Musically speaking, the bands that coheadlined Xcel Energy Center on Saturday had a lot in common. Personality-wise, though, Weezer and the Pixies were as different as Buddy Holly and Mary Tyler Moore.
Weezer came out — get this! — dressed in matching stripes and proceeded to sing "Pork and Beans" as a barbershop quartet. It was a fun start to an 85-minute set that did nothing to lessen the proudly nerdy Los Angeles rockers' growing reputation as a novelty act.
Not only did Weezer play its hotly debated remake of Toto's "Africa," but the quartet also threw in cover songs by Tears for Fears, Black Sabbath and TLC.
Conversely, the Pixies were as no-nonsense as bands get.
Frontman Black Francis (aka Frank Black) did not speak to the crowd once throughout his pioneering Boston quartet's hourlong opening set. Instead, he used up all their time to tear through 22 often manically paced songs where he ripped his throat to shreds. A polite hello from the bald, screaming frontman might've at least saved the young kids in the crowd from having nightmares about him.
Despite their divergent performance styles, the two groups combined to make for a rather blissful and blazing rockathon with loads of familiar tunes, at least to the Gen-Xers in attendance. They came from opposite ends of the early-'90s alt-rock boom, but each put their own unique spins on the melodic punk, loud-quiet-loud formula that Nirvana made famous in between them.
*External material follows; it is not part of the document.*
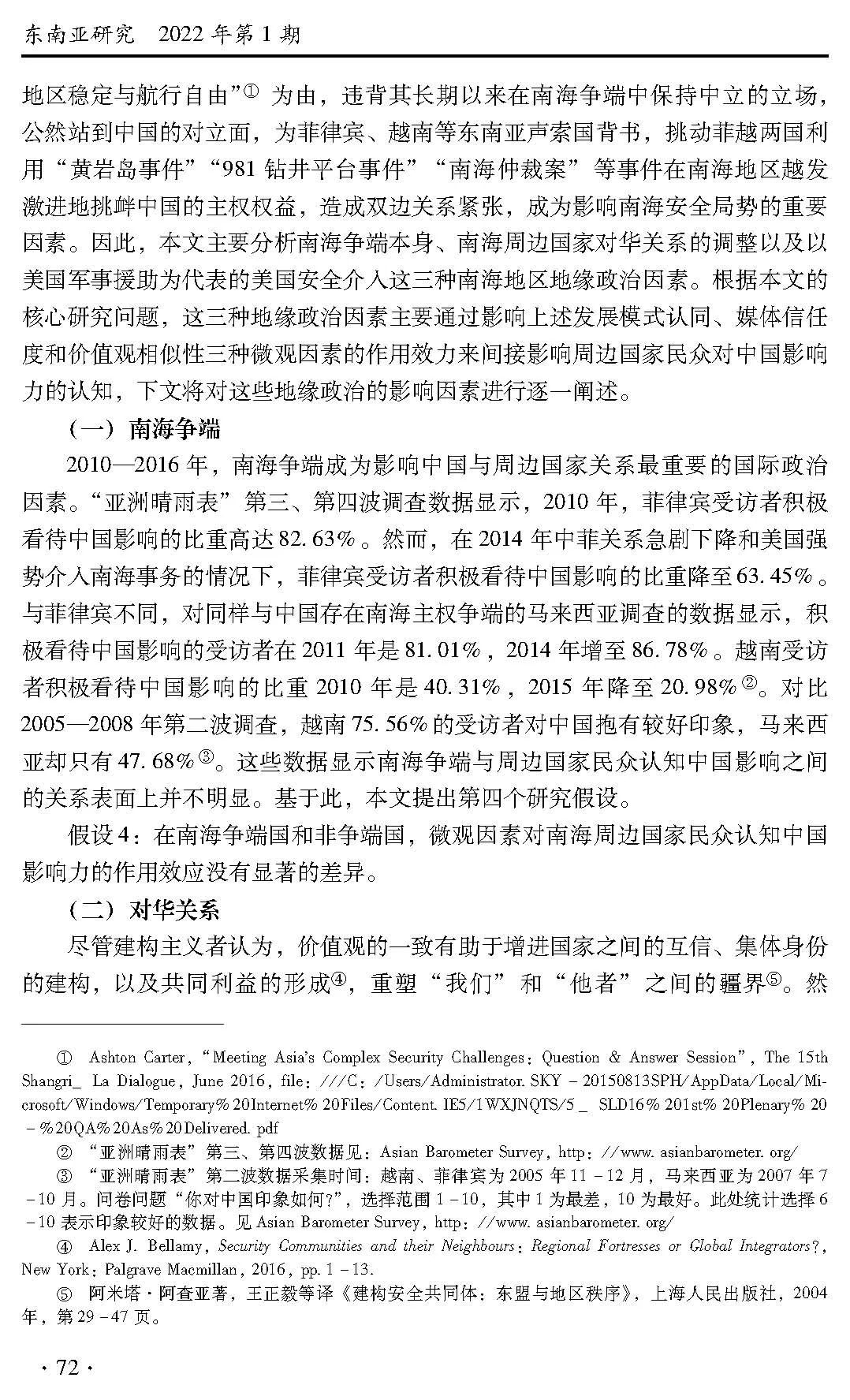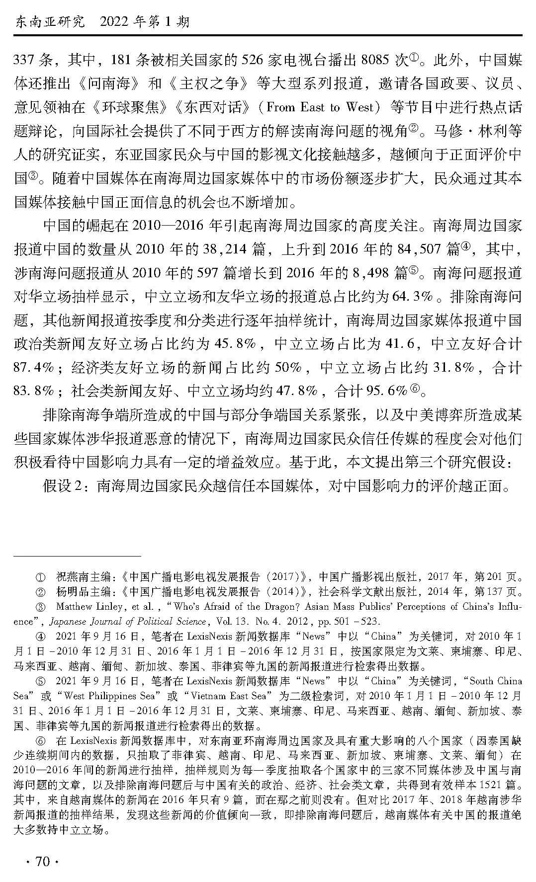 关键词:南海周边国家;中国影响力;民众认知;媒体信任度;地缘政治;南海争端

Saturday's attendance of 9,000-plus people was comparable to Weezer's prior Twin Cities appearances over the past decade. So their renewed chart success with "Africa" didn't really raise their drawing power — and maybe even hurt it, if you count the prevalent Groupon deals and the Pixies-leaning fans there.
Weezer went all-in on the cover-band shtick, though. Those four songs off its covers LP, "Weezer (Teal Album)," seemed excessive/embarrassing compared to just one off the newer, all-original "Black Album" ("High As a Kite").